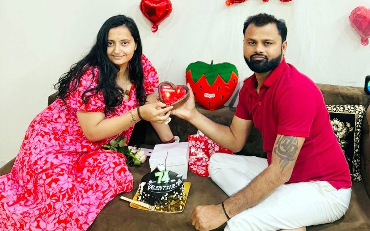 – केक काटकर वैलेंटाइन डे मनाता दम्पति।
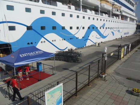 Този път впечатление направиха десетките велосипеди, които са приготвени за пасажерите, за да могат да разгледат по-бързо забележителностите на морската ни столица.
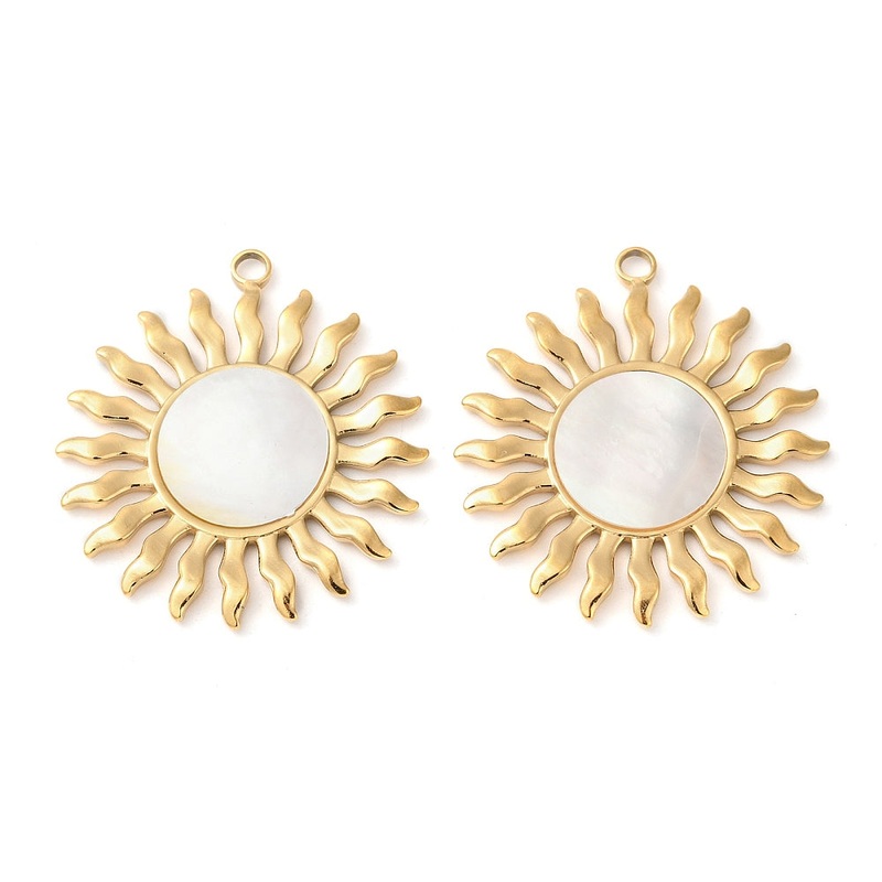Stainless Steel Natural Shell Sun Pendant 38mm, 1pc
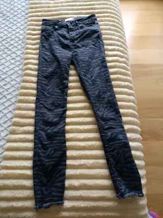 Pantalones vaqueros de Zara con un llamativo estampado. - Diseño de cebra en tonos grises y negros. - Corte ajustado. - Bajo deshilachado. En la etiqueta pone talla 34 pero son una talla 32. Se han usado pero están en buenas condiciones.
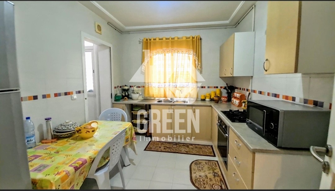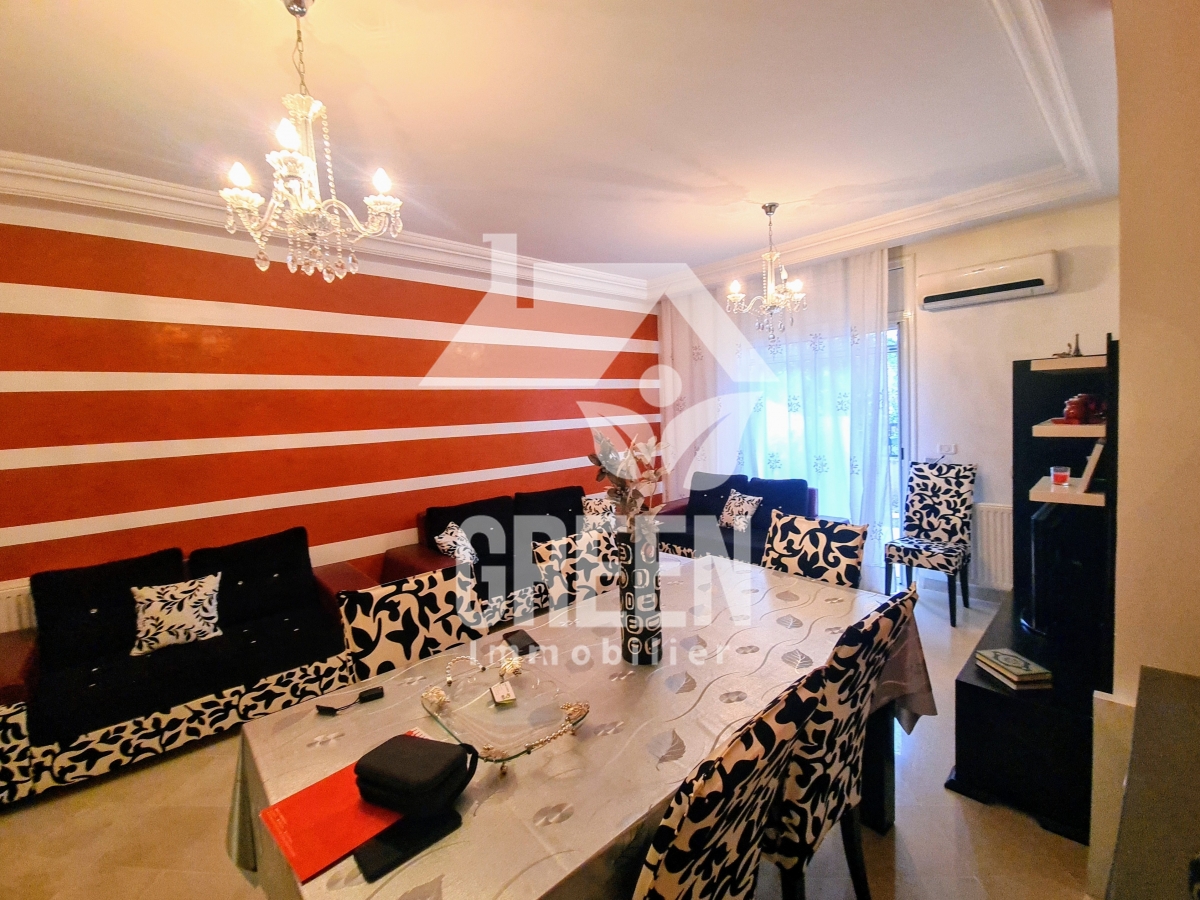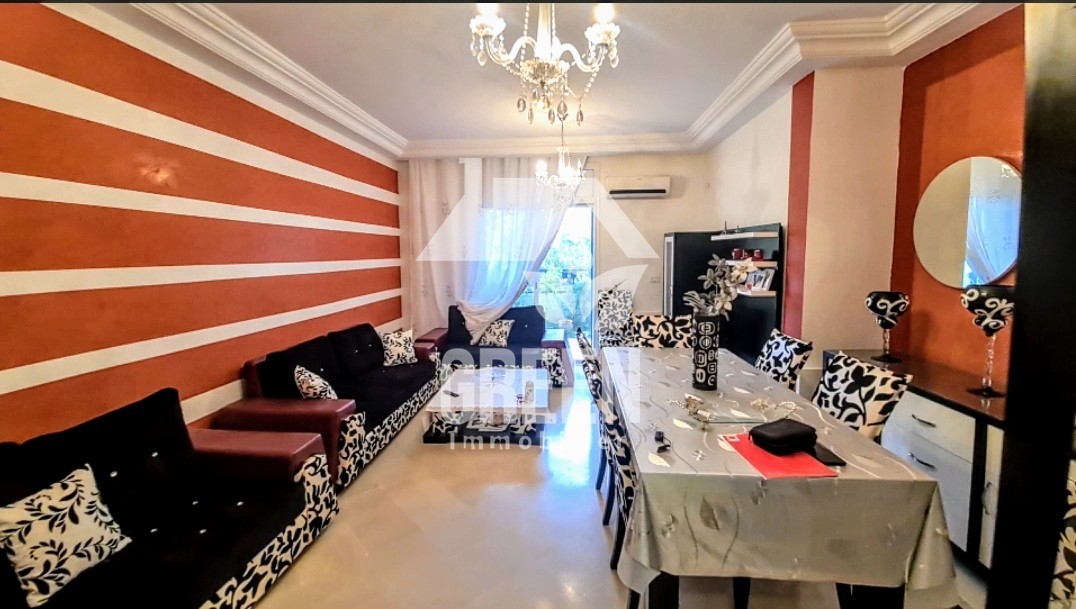À vendre chez Green immobilière un spacieux appartement Neuf S+2 au rez de chausser, d'une superficie de 100 m², situés dans une nouvelle résidence, sécurisée et gardée de haut standing, situé à Rades plage Il offre : -un spacieux salon, salle à manger - 2 chambres à coucher -une cuisine moderne aménagée avec séchoir -une salle de bain -une salle d'eau -une petite terrasse avec un petit jardin -une place de parking - l'appartement est équipé de chauffage central et climatisation
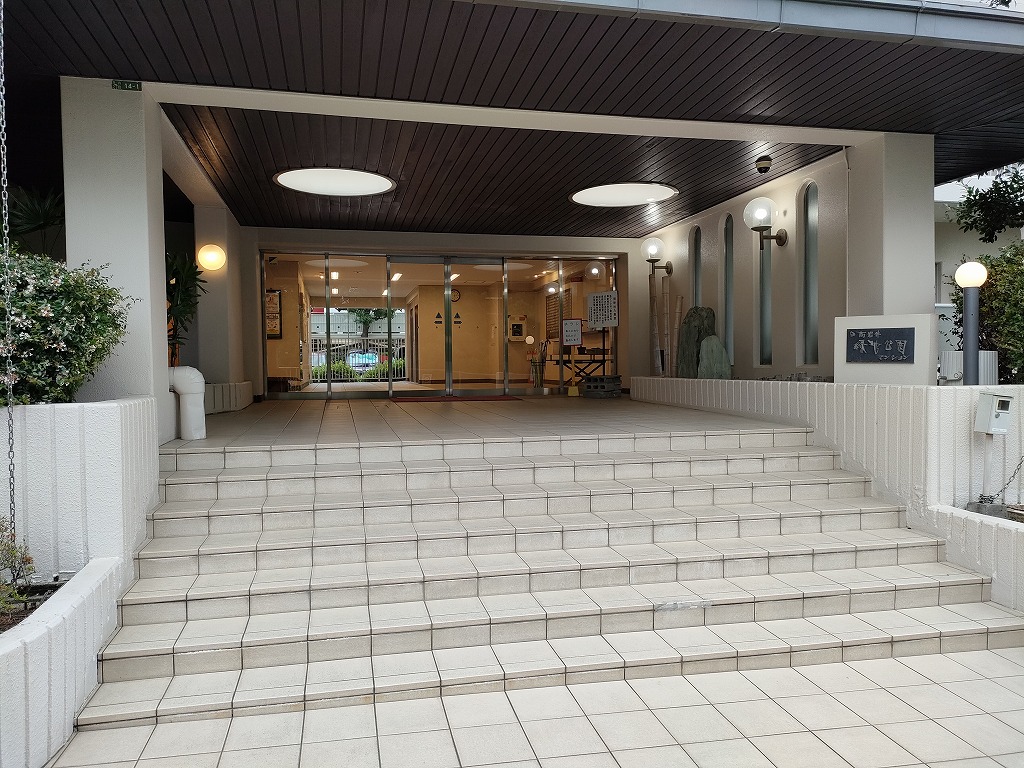 エントランスの様子。一見階段のみと見えますが、横に車いす用のスロープもちゃんとあります。共用部のバリアフリー化は問題ありませんし、緑が多くあしらわれているのも好印象ですね。
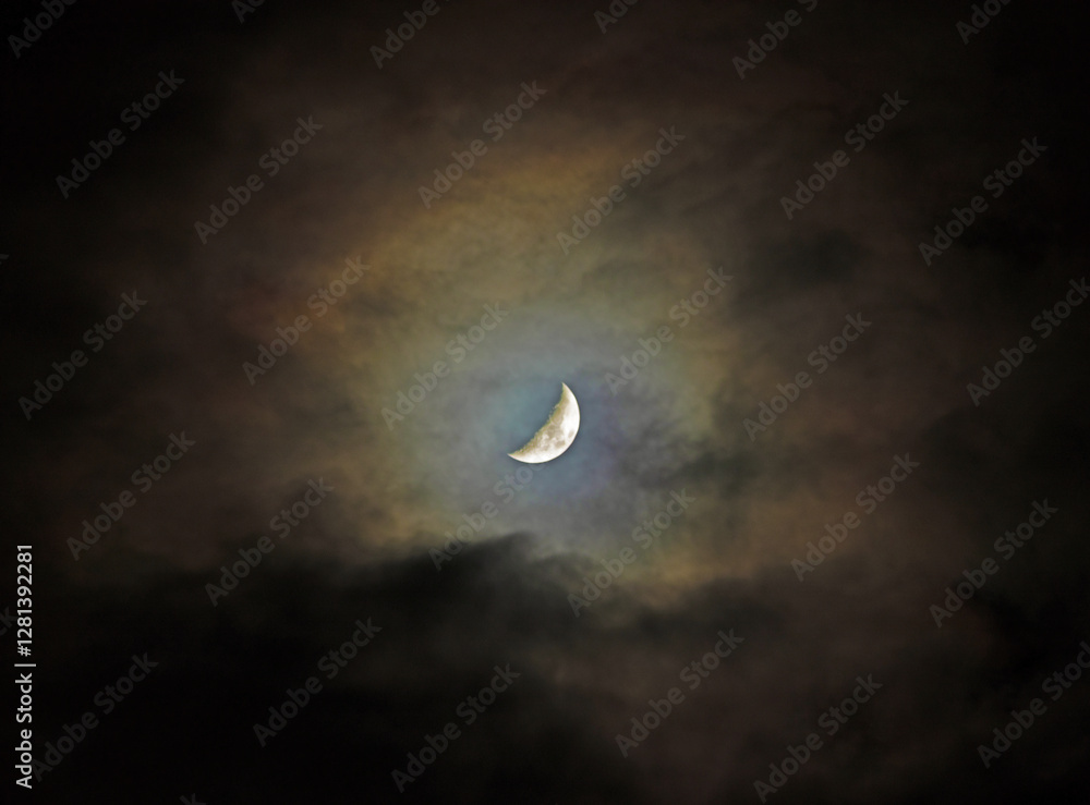 The watermark will not be included on Wall mural.: Opening in the clouds with the moon shining through
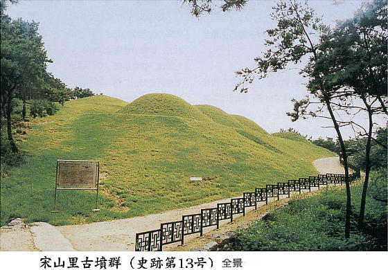 掘古墳で、見事な文様磚(せん:レンガ)作りの石室・豊富な副葬品・墓誌の出土で有名になった。宋山里古墳群には壁画古
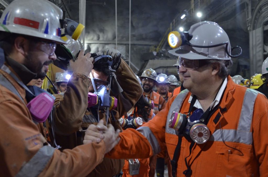 Luego de un recorrido por la mina subterránea de cobre más grande del mundo, el secretario de Estado compartió con los trabajadores de la división y abordó el acuerdo ya alcanzado: “vinimos a celebrar en su lugar de trabajo porque esta semana lograron un tremendo acuerdo, los 5 sindicatos del Teniente lograron cerrar una negociación colectiva que beneficia a más de 3 mil 500 trabajadores y demostraron que con diálogo, que con acuerdo y con entendimiento sí se puede luchar y conseguir buenos derechos para los trabajadores”.
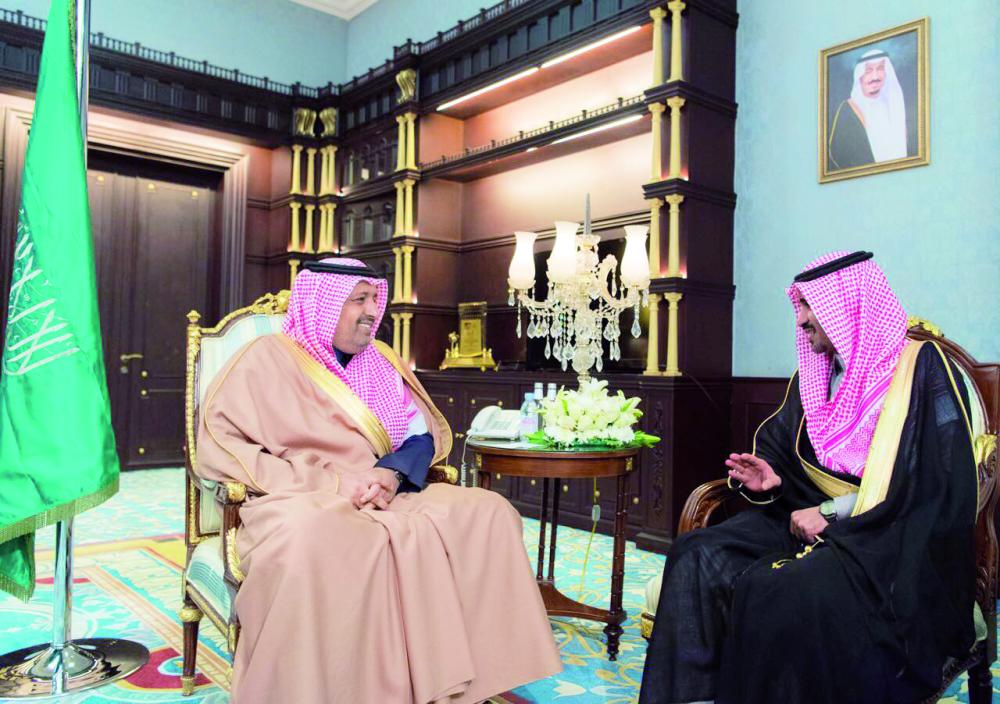 الأمير حسام بن سعود مستقبلا مدير فرع الزكاة والدخل. (عكاظ)

..............................

#### [Action item]
Range to copy from the listing above: the line with "Stainless Steel Natural" through the line with "掘古墳で、見事な文様磚(せん". Transcribe it exactly and skip the pictures.

#### [Written response]
Stainless Steel Natural Shell Sun Pendant 38mm, 1pc
 Pantalones vaqueros de Zara con un llamativo estampado. - Diseño de cebra en tonos grises y negros. - Corte ajustado. - Bajo deshilachado. En la etiqueta pone talla 34 pero son una talla 32. Se han usado pero están en buenas condiciones.
À vendre chez Green immobilière un spacieux appartement Neuf S+2 au rez de chausser, d'une superficie de 100 m², situés dans une nouvelle résidence, sécurisée et gardée de haut standing, situé à Rades plage Il offre : -un spacieux salon, salle à manger - 2 chambres à coucher -une cuisine moderne aménagée avec séchoir -une salle de bain -une salle d'eau -une petite terrasse avec un petit jardin -une place de parking - l'appartement est équipé de chauffage central et climatisation
 エントランスの様子。一見階段のみと見えますが、横に車いす用のスロープもちゃんとあります。共用部のバリアフリー化は問題ありませんし、緑が多くあしらわれているのも好印象ですね。
 The watermark will not be included on Wall mural.: Opening in the clouds with the moon shining through
 掘古墳で、見事な文様磚(せん:レンガ)作りの石室・豊富な副葬品・墓誌の出土で有名になった。宋山里古墳群には壁画古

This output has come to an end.